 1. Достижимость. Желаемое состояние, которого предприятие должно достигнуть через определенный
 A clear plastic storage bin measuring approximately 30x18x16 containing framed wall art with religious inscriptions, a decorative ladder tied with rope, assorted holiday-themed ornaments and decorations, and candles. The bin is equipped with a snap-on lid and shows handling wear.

------------------------------------------------------------------------

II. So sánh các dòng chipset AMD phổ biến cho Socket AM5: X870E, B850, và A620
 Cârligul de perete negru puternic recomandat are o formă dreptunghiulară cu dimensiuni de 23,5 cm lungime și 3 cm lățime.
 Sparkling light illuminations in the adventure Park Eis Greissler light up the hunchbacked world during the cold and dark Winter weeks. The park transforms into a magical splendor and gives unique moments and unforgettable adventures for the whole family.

------------------------------------------------------------------------

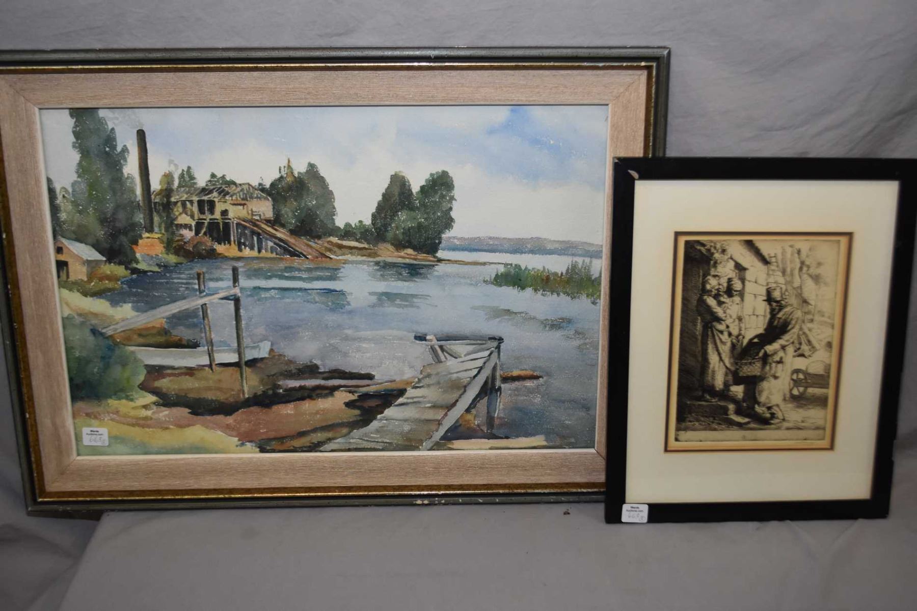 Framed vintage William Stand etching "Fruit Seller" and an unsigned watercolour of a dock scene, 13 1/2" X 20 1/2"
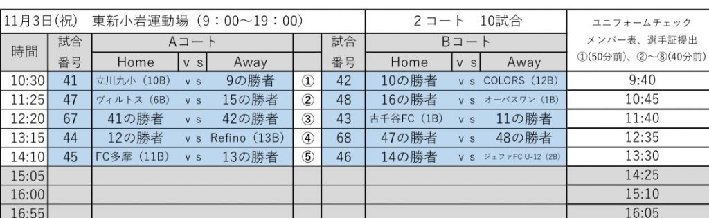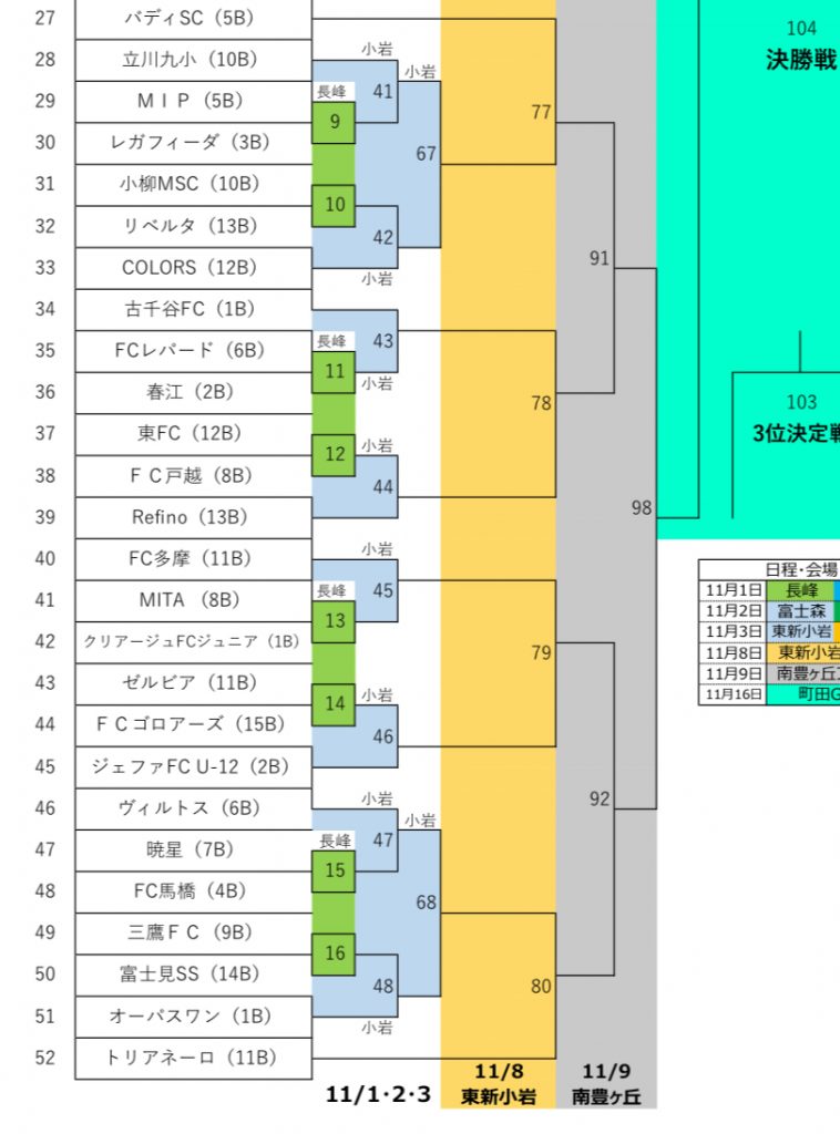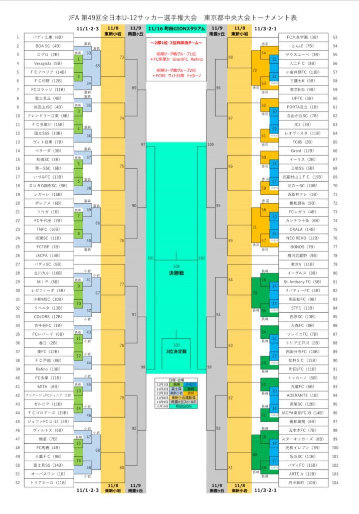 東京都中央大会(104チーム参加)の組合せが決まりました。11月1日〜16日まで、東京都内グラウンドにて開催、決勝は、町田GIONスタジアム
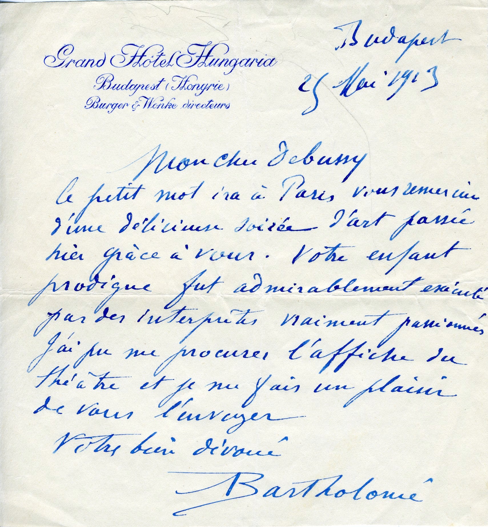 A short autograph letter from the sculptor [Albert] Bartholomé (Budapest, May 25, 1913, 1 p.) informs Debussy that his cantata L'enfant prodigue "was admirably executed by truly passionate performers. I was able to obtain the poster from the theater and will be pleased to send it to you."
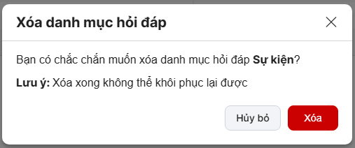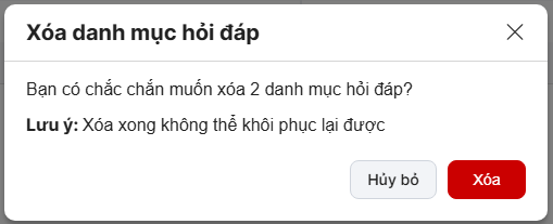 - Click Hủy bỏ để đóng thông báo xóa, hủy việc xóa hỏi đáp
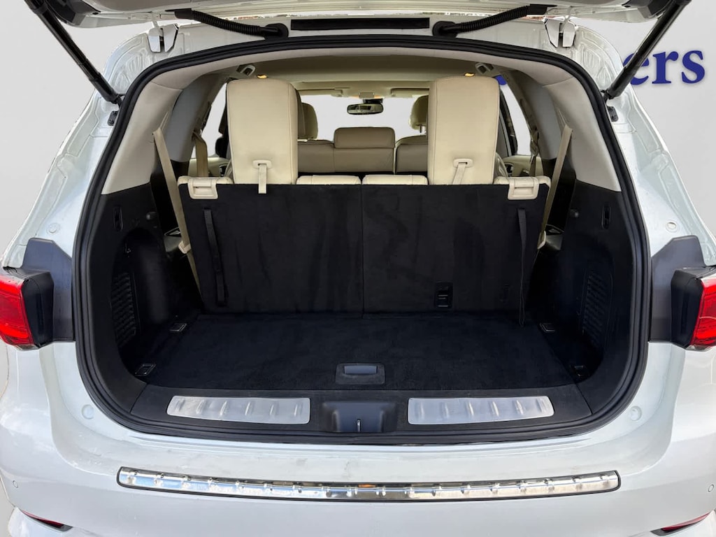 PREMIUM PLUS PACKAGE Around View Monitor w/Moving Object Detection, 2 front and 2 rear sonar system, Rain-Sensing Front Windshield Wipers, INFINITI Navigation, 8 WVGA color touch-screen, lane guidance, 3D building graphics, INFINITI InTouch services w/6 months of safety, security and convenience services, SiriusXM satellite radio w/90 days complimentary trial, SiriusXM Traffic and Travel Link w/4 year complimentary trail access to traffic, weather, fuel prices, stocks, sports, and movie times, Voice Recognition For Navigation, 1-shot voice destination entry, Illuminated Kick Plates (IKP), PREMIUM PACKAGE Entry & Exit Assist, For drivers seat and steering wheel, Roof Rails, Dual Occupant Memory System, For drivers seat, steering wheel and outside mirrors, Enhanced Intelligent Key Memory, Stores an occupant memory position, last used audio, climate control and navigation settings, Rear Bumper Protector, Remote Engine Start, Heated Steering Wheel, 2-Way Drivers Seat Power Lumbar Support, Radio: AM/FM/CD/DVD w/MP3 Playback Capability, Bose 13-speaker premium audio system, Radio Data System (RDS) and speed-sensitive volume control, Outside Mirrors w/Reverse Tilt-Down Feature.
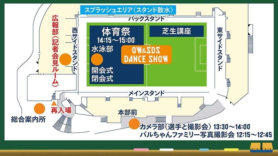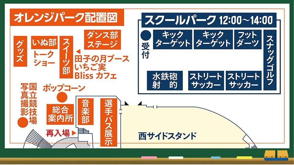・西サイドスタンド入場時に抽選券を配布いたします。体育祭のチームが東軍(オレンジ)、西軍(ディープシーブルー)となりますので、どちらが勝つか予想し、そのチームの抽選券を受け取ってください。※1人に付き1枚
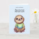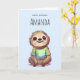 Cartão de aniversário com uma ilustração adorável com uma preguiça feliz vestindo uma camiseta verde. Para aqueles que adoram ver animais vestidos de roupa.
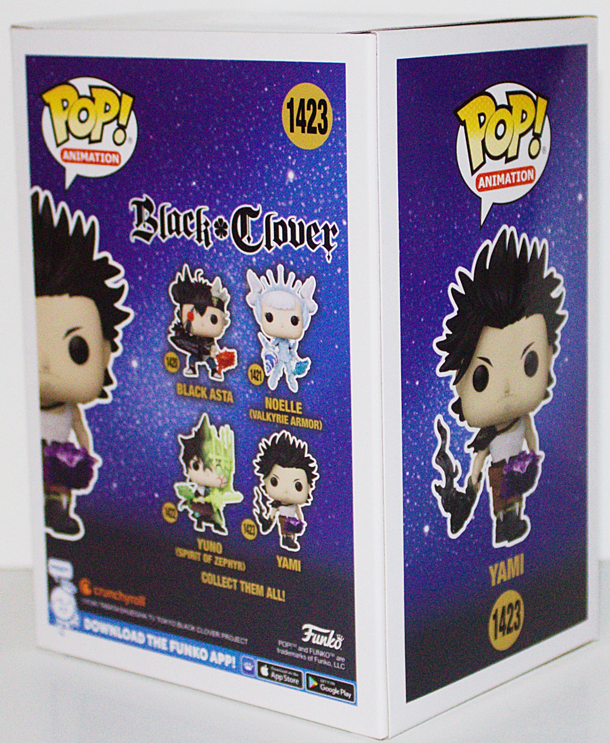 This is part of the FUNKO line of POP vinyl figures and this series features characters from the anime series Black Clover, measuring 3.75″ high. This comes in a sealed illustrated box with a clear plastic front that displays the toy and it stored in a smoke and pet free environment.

------------------------------------------------------------------------

- The problem: Although the records above contain pictures, the copy should not; retype exactly the lines from the one containing "Cartão de aniversário" through the one containing "This is part".

- Your response:
 Cartão de aniversário com uma ilustração adorável com uma preguiça feliz vestindo uma camiseta verde. Para aqueles que adoram ver animais vestidos de roupa.
 This is part of the FUNKO line of POP vinyl figures and this series features characters from the anime series Black Clover, measuring 3.75″ high. This comes in a sealed illustrated box with a clear plastic front that displays the toy and it stored in a smoke and pet free environment.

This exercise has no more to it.